Instagram announced today that in addition to its signature square posts, the app will now allow users to upload photos and videos in both portrait and landscape orientations. Prior to this change, users made their whole photos fit by using other apps to add borders. Instagram realized that 20 percent of its users use these apps extensively out of protest, and decided to lift the square-only requirement.
I guess I don’t really have an outright problem with this. I use Instagram regularly, and I guess it’ll be nice to expand my photography choices if I choose. It’s Instagram’s prerogative to change its app when it pleases, and you can always delete the app when you don’t like it. But I think that beyond the obvious “a very popular app has done something significant to its user interface,” there are some points worth exploring.

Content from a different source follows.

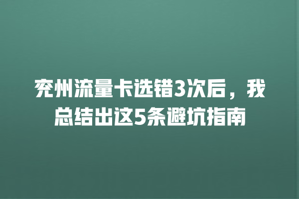 兖州流量卡选错3次后,我 出这5条避坑指南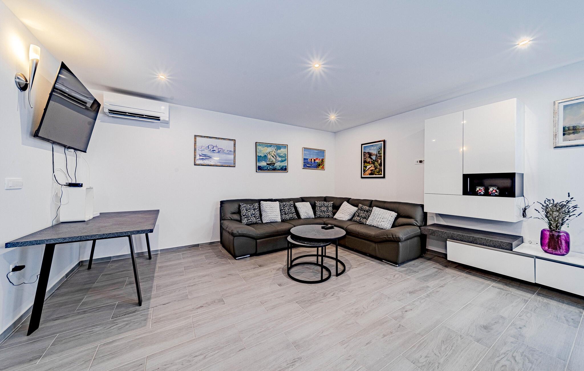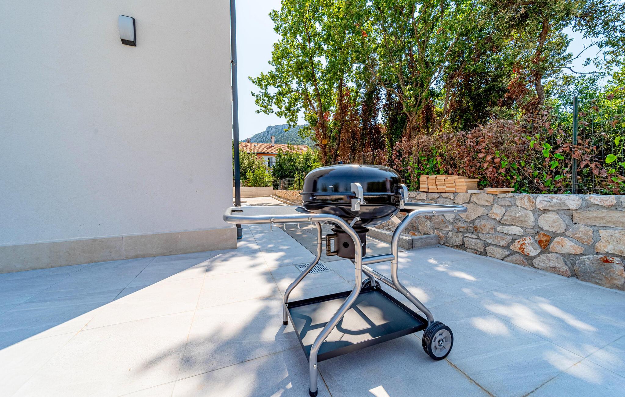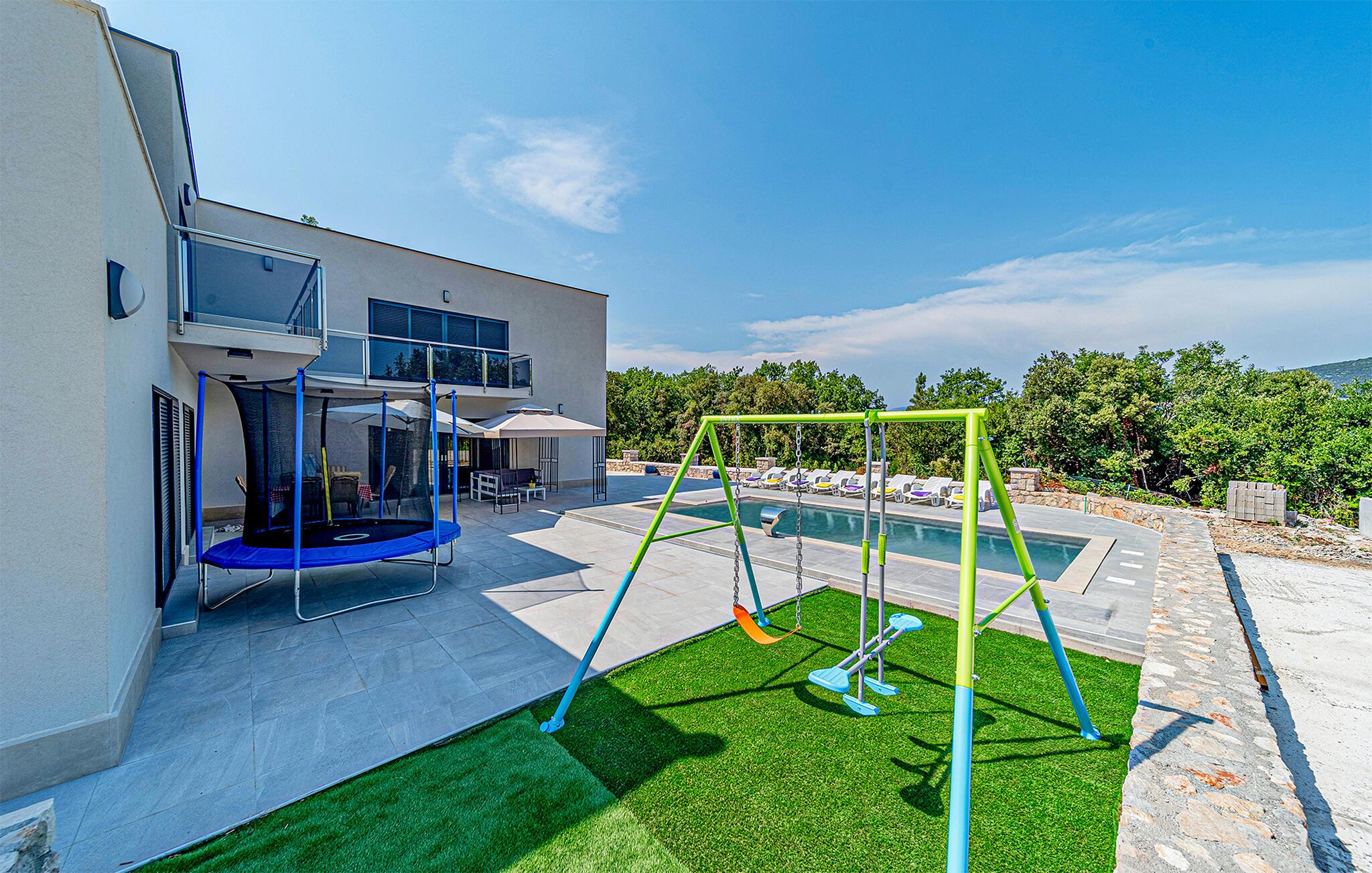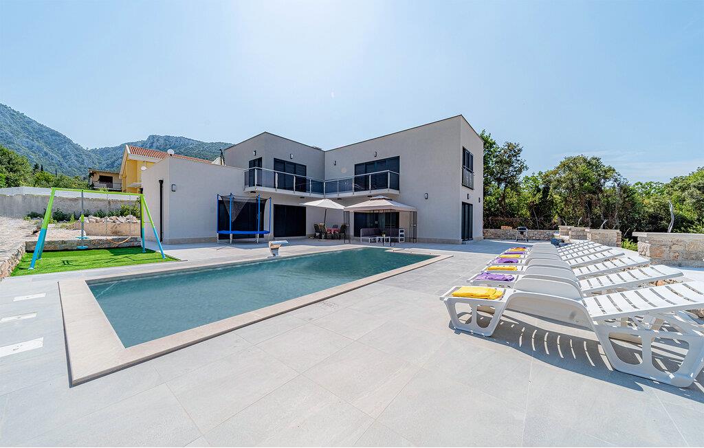 Dette vidunderlige feriehus på halvøen Peljesac giver jer en uforglemmelig ferie. Det smagfulde interiør er noget særligt med elegance og komfort, mens balkonen og tagterrassen byder på en betagende udsigt over det maleriske landskab og havet. Nyd afslappende timer på den rummelige terrasse ved poolen eller lad børnene udforske legepladsen. Hvert øjeblik her føles som et luksusophold, mens udlejernes varme gæstfrihed får jer til at føle jer hjemme.

Because people sign up for Instagram and agree to its terms, Instagram by default controls at least part of the overall aesthetics. You can’t really change the layout or theme of your profile beyond the photos you upload, but you can edit these as you please. And despite this change in the aesthetic that Instagram governs, you can still add your own borders and do what you like to your photos — there’s nothing prohibiting you from continuing to operate as if square is the only option. You still have as much freedom over your own Instagram feed that Instagram has decided to give you — in fact, even more if you decide to embrace the change. And I do appreciate that this move gives more artistic freedom to photographers who use the app to share their art, which is a fantastic effort.
But this kind of seems like policing in the guise of aesthetic freedom. Now when you see a non-square photo on your feed, the white border a user would have added for a portrait or landscape-oriented photo is either added or deleted to the UI, which to me seems like a subtle recapturing. Adding borders within the design options and keeping the square-only ethos would have been a viable option for Instagram, like how they developed Hyperlapse and Layout to edge out the competition. This is entirely speculation on my part, but it seems that Instagram got tired of its users outsourcing and tried to take back even more power. It’s also probably a business move, so that advertisers can do even more. At the user’s level, you can now devote more time to uploading content and contributing to Instagram’s position in the zeitgeist, uncropped photos and all.
This is also an interesting comment on the clout of the App in 2015, and how something like Instagram affects our daily life. This decision to abandon the square-only format made headlines, alongside analysis of today’s stock market and recalls for bread. This was such a shift in the way we think about social media and photography that it made the Wall Street Journal’s coverage, which noted that “Instagram’s move coincides with consumers increasingly purchasing smart phones with larger screens that provide a better mobile viewing experience for widescreen videos.” Today’s smartphones also have options to take square photos — which wasn’t a coincidence. A few people will still continue to use apps like Squaready and Afterlight, but I’m curious to know how these apps will bounce back from such a shift. There might be a resurgence in standard photography, or maybe the square has captured our attention so tightly that we won’t even notice the difference.